What is more: Asmodeos, the Median demon feared and respected by the Jews, who lives in the ruby-flaming glove, and who did not yet at the time suspect that his dwelling place will be soon and unceremoniously turned into an ink well, rebelled in the name of her who had enslaved him -- my former wife, Rachela -- and in the name of defending her rights to me, rights which, at her father's command she had then renounced: he rebelled, I say, and -- the glove fell off the wall and onto the stone floor with a racket so great, as if the glove had had to its account slapped faces of Antiochoses, Tituses and Hadrians, and not just those of a few humble merchants.

What a total lack of logic on my part! I just wrote a moment ago: at her father's command, Rachela Erato divorced me and married, in Babylon, a wise man of Israel, whom she'd already born as many Symeons, Jacobs, Joanneses, Judahs, Naathaniels and Matheuses as have broken off from Israel two centuries ago in order to follow him, who has caused it that also west of the Hind walking on water becomes accessible to human-kind. And she bore those twelve -- as says Samasariston -- in great joy; whence thus comes this appeal to her rights, by way of the rebellion by her demon-servant, rights which she'd laid at the booted feet of a caravan robber? Has she loved me, after all? Poor creature! She'd always so wanted for good fortune and long life -- or so, at least, says Alexandra. What will happen now? There is but one hope: that the demons of Media take their oaths of loyalty as seriously as the sons of the grand priests of Persis. Ardashir hates me, but serves me faithfully, and until I grant him his freedom, will not betray any of my secrets even to his own father. May Asmodeos, subdued by Rachela, be as loyal to her as Ardashir is to me! If she -- after all -- does love me, and he knows about that love, he'd be a scoundrel, not a knight, to reveal this fact to any of his incorporeal friends.

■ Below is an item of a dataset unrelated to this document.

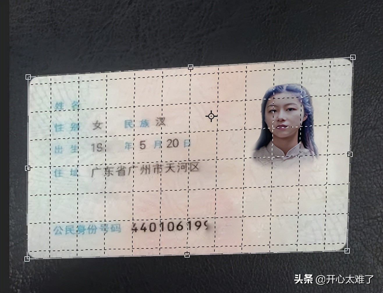 使用“透视裁剪工具”依次点击身份证的四个角,框选整个身份证。可以用鼠标拖动四周的锚点调整网格的位置,使网格完全贴合身份证。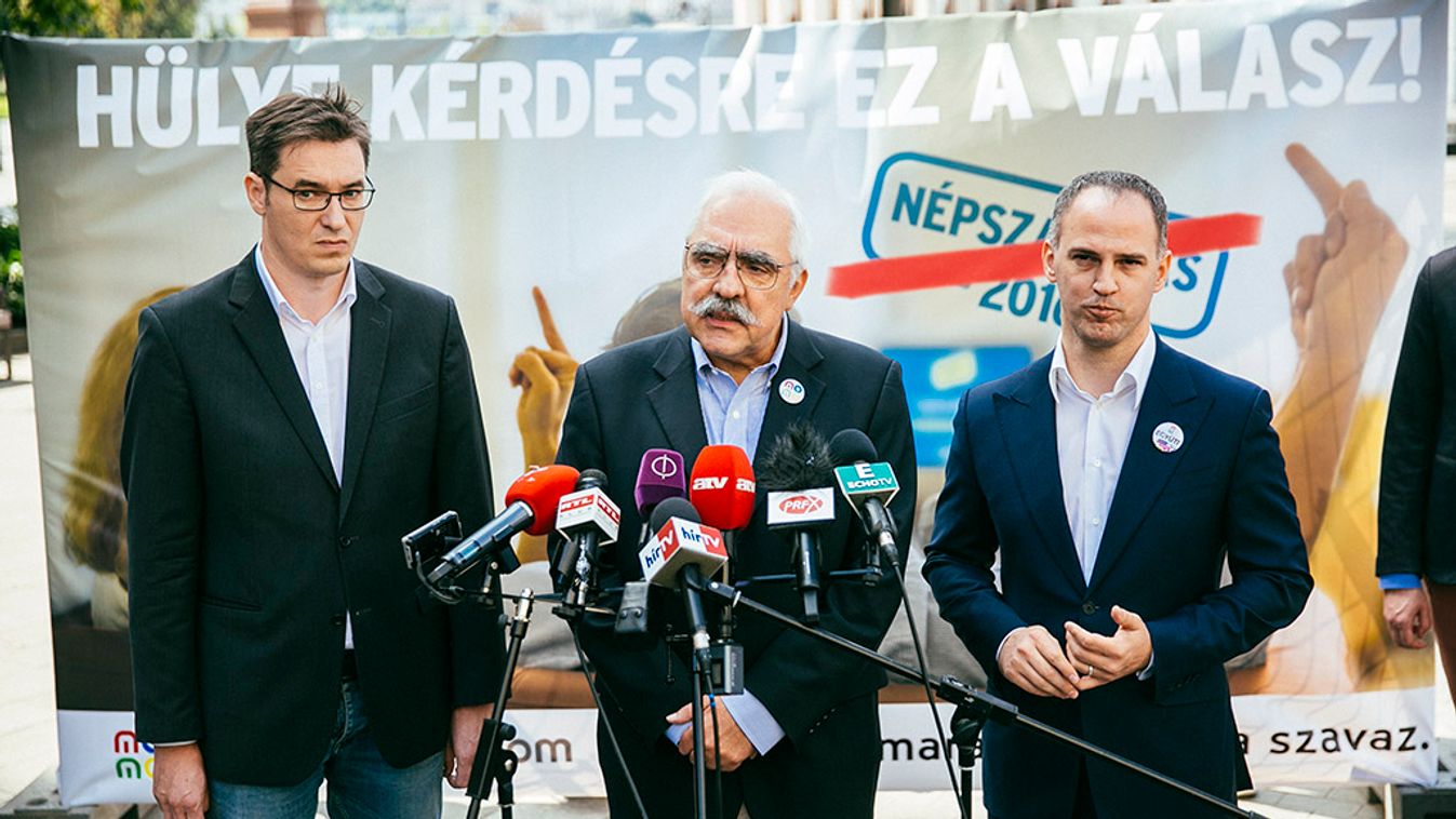 Közösen szólít bojkottra az októberi kvótareferendummal kapcsolatban az Együtt, a Párbeszéd Magyarországért és a Modern Magyarország Mozgalom (MoMa). A baloldali törpepártok vezetői, Szigetvári Viktor, Karácsony Gergely és Bokros Lajos ma Budapesten leplezték le közös óriásplakátjukat, amely a következő napokban az ország több pontján is megjelenik majd és amelynek felső részén a „Hülye kérdésre ez a válasz!” felirat olvasható, alatta pedig egy háttal ülő nő és férfi mutat be középső ujjával. A plakáton emellett az "Aki otthon marad, Európára szavaz" és egy vörössel áthúzott "Népszavazás 2016" felirat, valamint a három párt logója szerepel.

Do not rejoice too early, my tender sister: the mounted archer only seemingly pointed his far-ranging weapon towards the auxiliary unit recruited in the ravines of the borderland desert; in fact, he still aims straight into the Roman quadrangle: Klaudios Iulian says that, without slightest doubt at all, he believes the murderer of Achilles to be -- you, Alexandra!

(Which ends Khesroes to Markia letter the first, earning you stars for such faithful reading, and me -- a well deserved break).